Improving Communication and Speech
One of the wonderful things about the power of music therapy is that it allows some children to learn in ways they never have before, as well as to communicate in a whole new manner. Many children with special needs struggle with necessary communication skills like making eye contact, taking turns, sharing, and developing fine and gross motor skills. Typically, in a music therapy session, children will practice succeeding at these skills. During goal-oriented sessions, the child will receive simple instructions that require a simple response.

Because music therapy can involve singing, children are able to practise vocalizing and dramatically improve their language development. When children sing songs especially designed to isolate certain speech sounds, they get lots of practice making those sounds and have fun doing it.

! Winter Spring 2019 PROOF HIGH RES FOR

Improving Motor and Sensory Skills
Think of all the ways we move when we listen to music and the ways we participate with others when we’re at a concert enjoying our favorite artists. We clap; move our feet; snap our fingers; tap out the tune on our knees; and, sometimes, even pretend we’re playing the drums. Just imagine what those same movements can do for a child with special needs. Clapping, beating out rhythms, and playing real instruments like tambourines and maracas are excellent ways to improve coordination and refine motor skills.

Improving Behavioral andSocial-Emotional Skills
Songs that speak specifically to appropriate behavior and that help children learn how to identify their complicated feelings and cope with overwhelming emotions are employed in music therapy as ways to effectively communicate these issues. Music therapy has also been shown to help children relax, ease their stress, and reduce their anxiety levels so they are more able to be in control of their emotions. Children also learn the basics of saying “hello” and “good-bye,” taking turns, sharing, making eye contact, and asking for things properly through musical activities.

Improving Self-Confidence
Children benefiting from music therapy are always given manageable goals to achieve. These success-based activities address developmental skills. By achieving success through completing musical tasks, their self-confidence grows. Experiencing what it’s like to make their own sounds and rhythmic patterns also gives children pleasure.

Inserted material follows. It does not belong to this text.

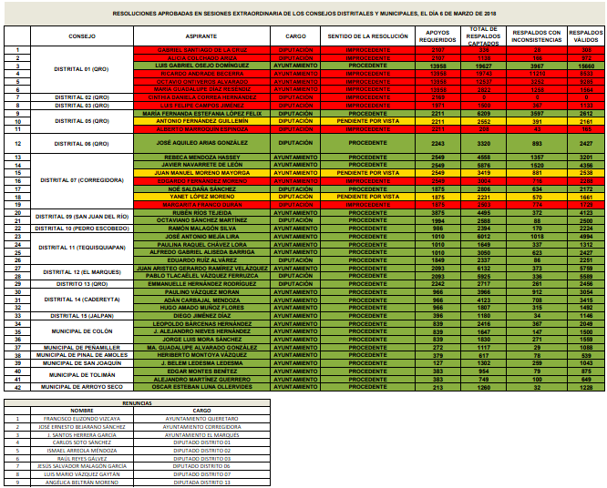 Indicó que las y los aspirantes que cumplieron con el requisito de la obtención del respaldo ciudadano (al menos el 2% de la Lista Nominal de su demarcación) -del 8 de enero al 6 de febrero de 2018- buscan contender en los distritos locales 5, 6, 7, 9, 11, 12 y 13; así como en los municipios de: Arroyo Seco, Cadereyta de Montes (3 aspirantes), Colón (3 aspirantes), Corregidora (2 aspirantes), El Marqués, Jalpan de Serra, Pedro Escobedo, Peñamiller, Pinal de Amoles, Querétaro, San Joaquín, San Juan del Río, Tequisquiapan (3 aspirantes) y Tolimán (2 aspirantes).

The experience is tremendously supportive for them.


Improving Cognitive Skills
Children’s cognitive activity and their self-awareness can be improved concurrently by music because it stimulates both hemispheres of the brain simultaneously. If a child with autism increases their self-awareness, they are better able to interact effectively with others. Song lyrics can be conducive to their learning valuable lessons about social interactions. Impulse control is difficult for children with Attention Deficit Disorder (ADD) or ADHD, but listening to classical music can have a positive effect on their concentration and focus. 

 

Music is an effective form of all kinds of expression. Through it, children can get rid of their pentup feelings. For those who struggle with communication and language, music provides a valuable outlet through which they can release their feelings of joy, frustration, anger, love, worry, sadness, fear, and any other emotion they have felt but were never able to express. Music therapy gives children with special needs a viable way of communicating complicated feelings, grasping difficult concepts, interacting with others, learning, understanding, and developing. Most of all it brings the joy and magic of music into their lives in a way that will change them forever.